Exercise materials
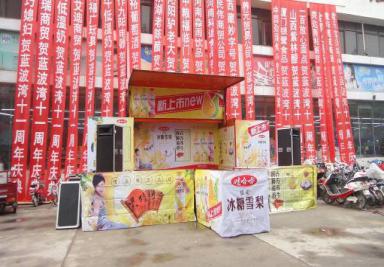 在市场铺货的基础上,豫北市场从4月份开始,每月分配专项的陈列费用针对冰糖雪梨开展市场陈列,陈列形式包括零瓶、专架、堆箱割箱及冰冻陈列等,特别是5~6月份,豫北市场重点组织的冰冻陈列和倒冰柜大行动效果显著,有力地加速了产品的终端消化。通过坚持不懈的陈列和广宣生动化布置,很好地营造了产品的市场销售氛围,提升了经销商、终端商的销售信心和积极性。
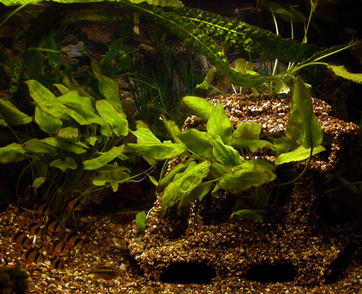 Наконец, грот для аквариума сделан своими руками, помещён в воду и украшен растениями. Цихлиды и сомы постоянно живут внутри грота. Даже барбусы туда заплывают.
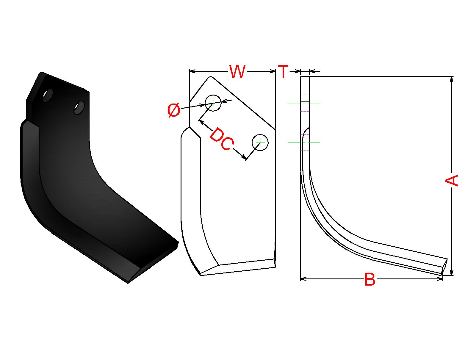 Cuchilla Ref: nº.709/ Medidas: A:185 B:130 /Pletina:80X8 / Dist.centros: 57 / Taladro: 14.5 / Peso: 1,420 kg.
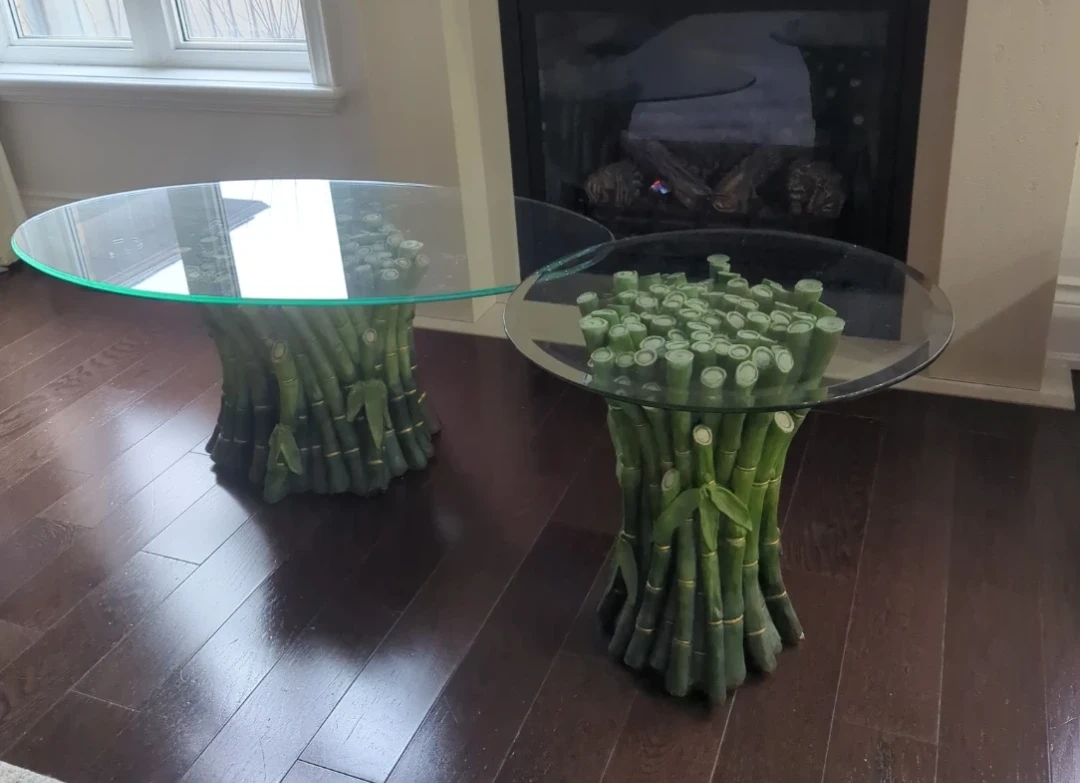 Two unique accent tables with glass tops and bases made of faux bamboo. These tables add a natural, stylish touch to any room. They're perfect for holding drinks, books, or decorative items.
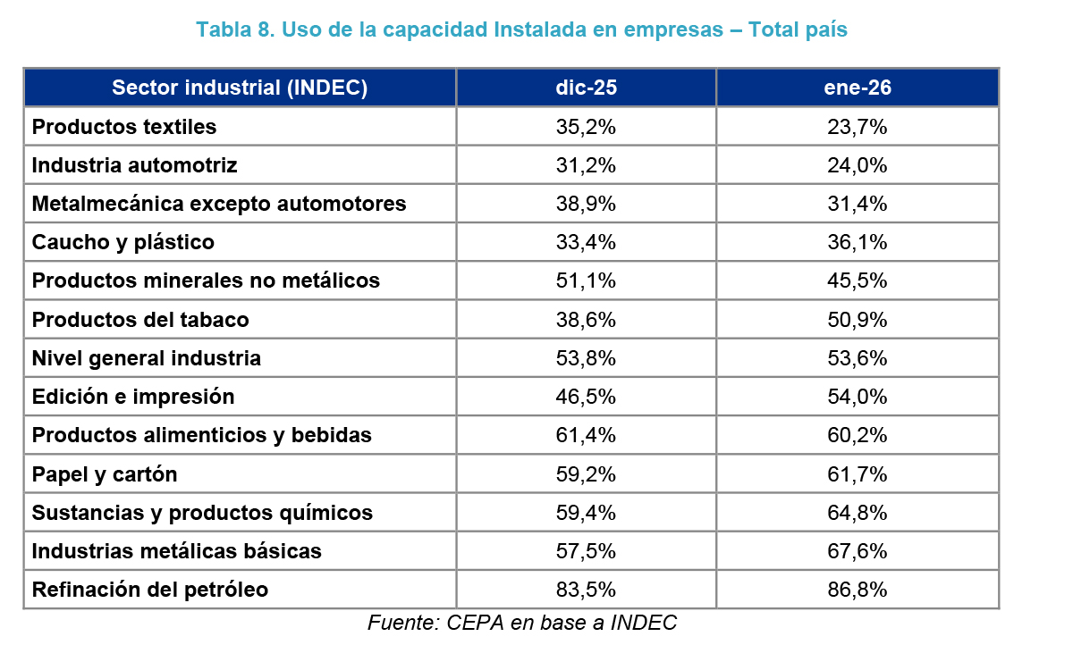 Resulta importante destacar la fuerte caída de este guarismo en su comparación con el mes anterior (dic-25) para la industria automotriz (-7,2 pp.), metalmecánica (-7,5 pp.) y productos textiles (-11,5 pp.). Este estrepitoso desempeño de la industria redunda en decisiones empresarias que afectan a los y las trabajadoras como, por ejemplo, la decisión de la empresa Stellantis (que produce y comercializa vehículos Citroën, Fiat y Peugeot en el país) que eliminará un turno en la planta de El Palomar a partir de mayo.
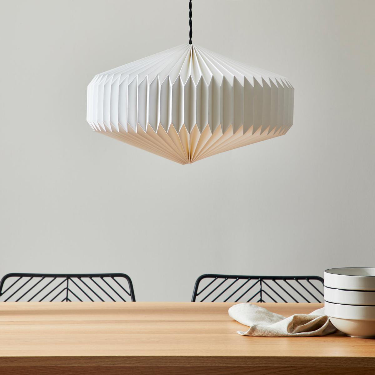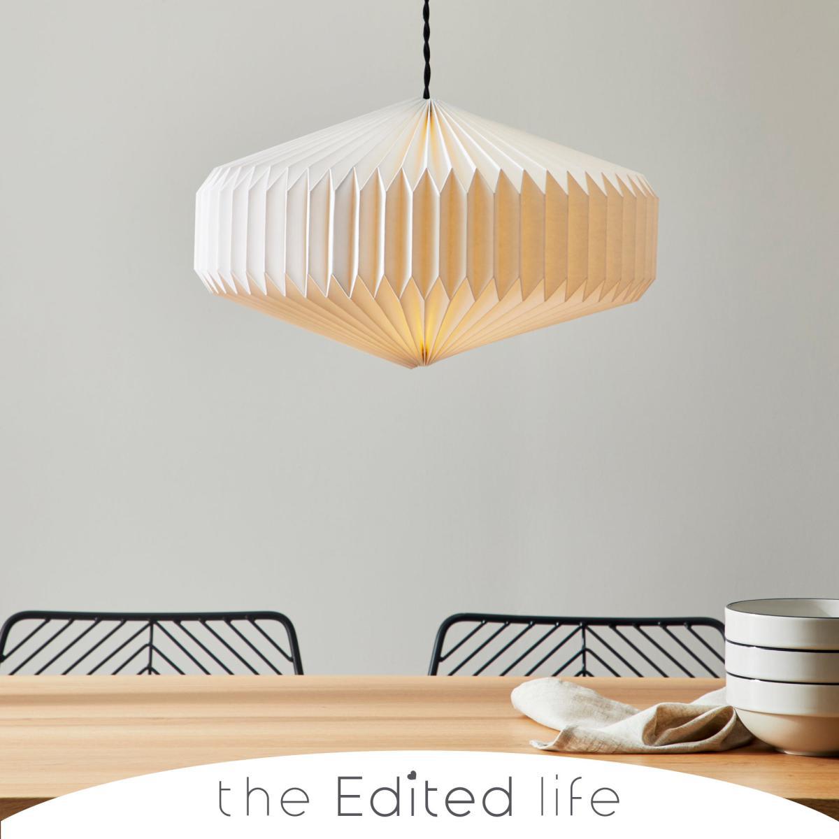 The Edited Life - Origami Paper Easy Fit Pendant. Paper is a natural material usually made from a wood base, and can be recycled at the end of its life to make more paper-based items. Versatile and familiar, the tactile qualities of paper make it a great addition to stylish, grounded homes. Live well. Mean well. Be well. Many of us want to live simpler lives, to reduce our impact on the environment, and improve our wellbeing. As we become more aware of our surroundings and understand how our choices contribute to the world around us, more people are choosing to consume less and curate more. The Edited Life introduces a new era of thoughtfulness in the home, with an understated collection of pieces chosen for their simple beauty, quality craftsmanship and innate usefulness that will last beyond any trend. Having it all is no longer the goal; having enough, and it being just right, is.

Activity
With pictures removed, write out exactly each line of the entries from the first through the line that holds "Наконец, грот для".

Exercise output
 在市场铺货的基础上,豫北市场从4月份开始,每月分配专项的陈列费用针对冰糖雪梨开展市场陈列,陈列形式包括零瓶、专架、堆箱割箱及冰冻陈列等,特别是5~6月份,豫北市场重点组织的冰冻陈列和倒冰柜大行动效果显著,有力地加速了产品的终端消化。通过坚持不懈的陈列和广宣生动化布置,很好地营造了产品的市场销售氛围,提升了经销商、终端商的销售信心和积极性。
 Наконец, грот для аквариума сделан своими руками, помещён в воду и украшен растениями. Цихлиды и сомы постоянно живут внутри грота. Даже барбусы туда заплывают.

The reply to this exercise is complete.